Published online by Cambridge University Press: 08 February 2010
Beckman and Edwards have presented experimental evidence for the association of syllabic lengthening in speech with two phonological effects. One is the presence of an intonational phrase boundary. Lengthening associated with intonational phrase boundaries occurs consistently across speakers and speech rates. The other effect is the presence of a word boundary. In contrast to phrase-final lengthening, word-final lengthening occurs inconsistently. It is more evident at a slow rate of speech; even then, not all speakers show it with all sentences.

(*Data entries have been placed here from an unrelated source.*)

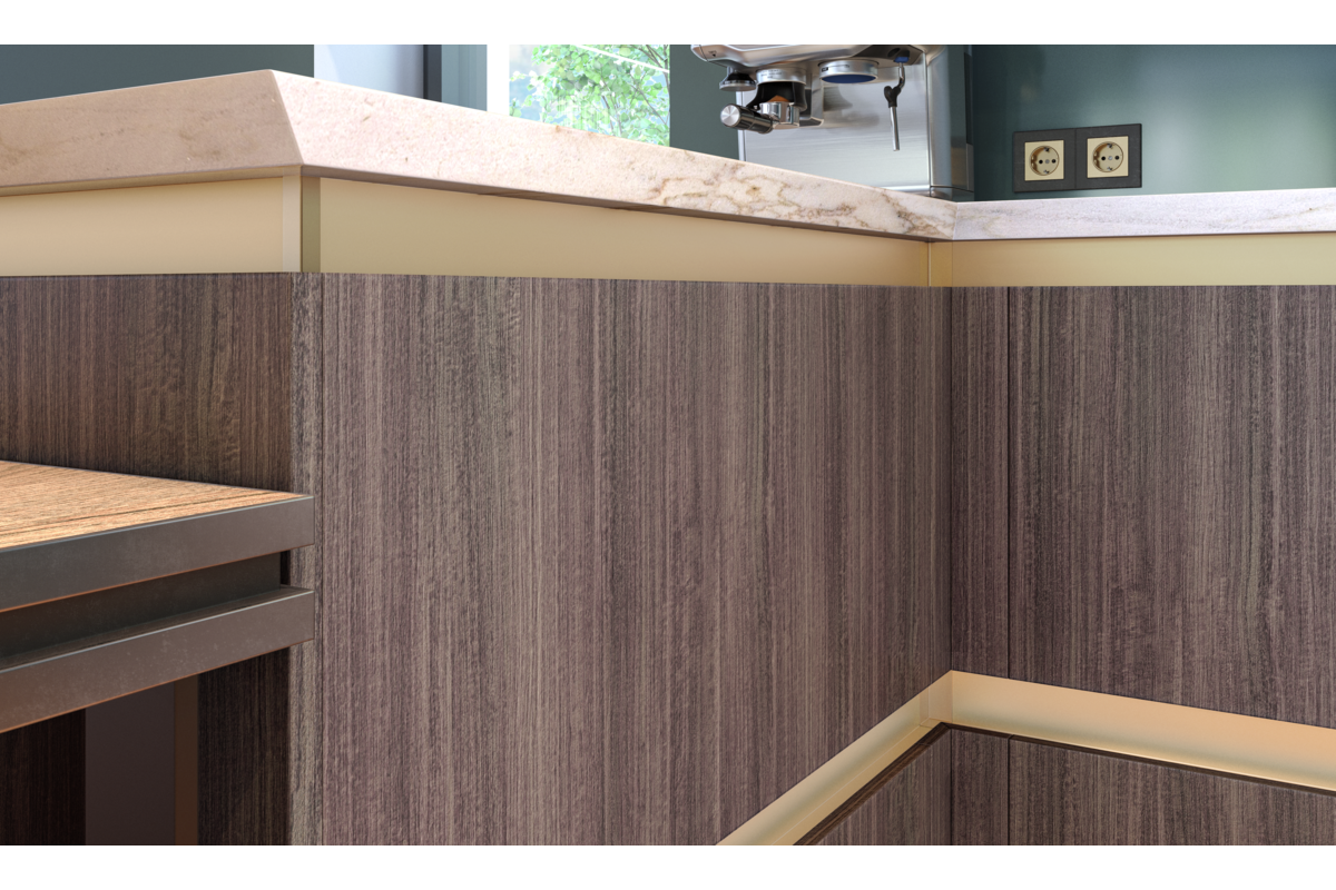 Łącznik zewnętrzny dla profilu С. Przeznaczony do szybkiego połączenia dwóch profili pod zewnętrznym kątem 90°. Łącznik posiada zaczepy, które można łatwo podłączyć do głównych profili. W łączniku znajduje się specjalna kieszeń, w której można ukryć ewentualne wady powstałe po cięciu profili. Łącznik wykonany jest w technologii druku 3D z tworzyw sztucznych, dzięki czemu ich kształt dokładnie odpowiada profilowi. Sprawdzi się doskonale na przykład przy tworzeniu wysp kuchennych. Dostępne kolory: czarny, złoty, biały, inox i aluminium.
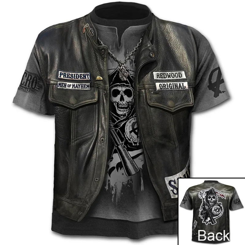 2021 НовинкаСыны АнархииКосплей фальшивый жилет футболка с 3D принт...
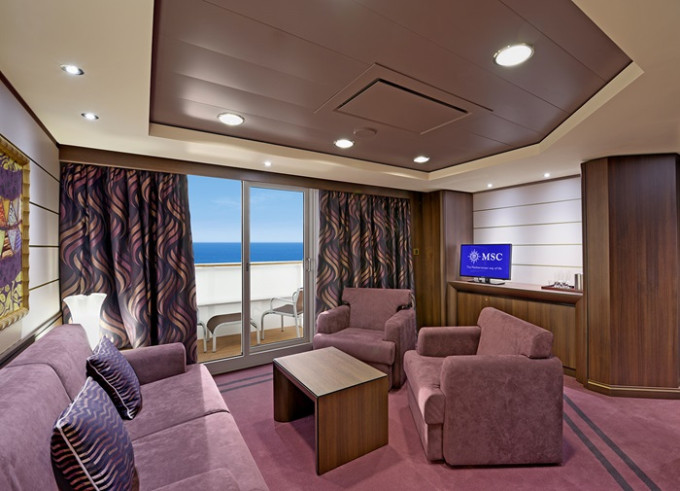 Suite s balkónom/panoramatickým oknom: cca32 m², (Royal, Family, Aurea 47-52m²) kajuta s manželskou posteľou (na požiadanie 2 oddelené postele) a rozkladacia pohovka. Klimatizácia, kúpeľňa s vaňou, toaletný stolík, priestorná skriňa, interaktívna TV, telefón, minibar, sejf, sušič na vlasy. Balkón so stolíkom a stoličkami alebo panoramatické okno. Internetové pripojenie (za poplatok).
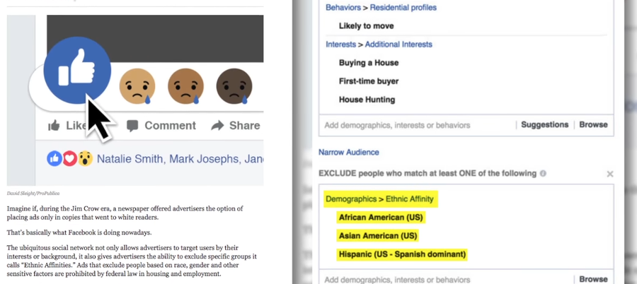 【台灣醒報實習記者李駿民綜合報導】社群網站Facebook(臉書)廣告服務容許客戶挑選廣告對象,最近鬧出種族歧視爭議,引來社會抨擊。專注於公眾利益調查的非營利媒體ProPublica於10月28日發表報告指出,Facebook容許客戶從廣告對象中剔除特定種族的用戶,已造成種族之間的差別待遇,或會干犯美國法律。

Beckman and Edwards's aim in examining the occurrence of lengthening effects is to make claims about the proper model of English phonological structure. They relate their experiments to a long tradition of phonological interpretation of timing effects in speech, with two separate (and as Beckman and Edwards point out, at least in part incompatible) strands: lengthening which is claimed to accompany the terminal boundary of a phonological unit, and shortening which is claimed to adjust the interval between stressed syllables in the direction of greater regularity. The effects which Beckman and Edwards found in their experiments are of the first sort.
This commentary concerns the assumptions on which undertakings such as Beckman and Edwards's are based. Precisely how does a speaker's performance shed light on the phonology of a language?
Two useful distinctions may be drawn. The first is between what one may call a strong and a weak version of the claim to “psychological reality.”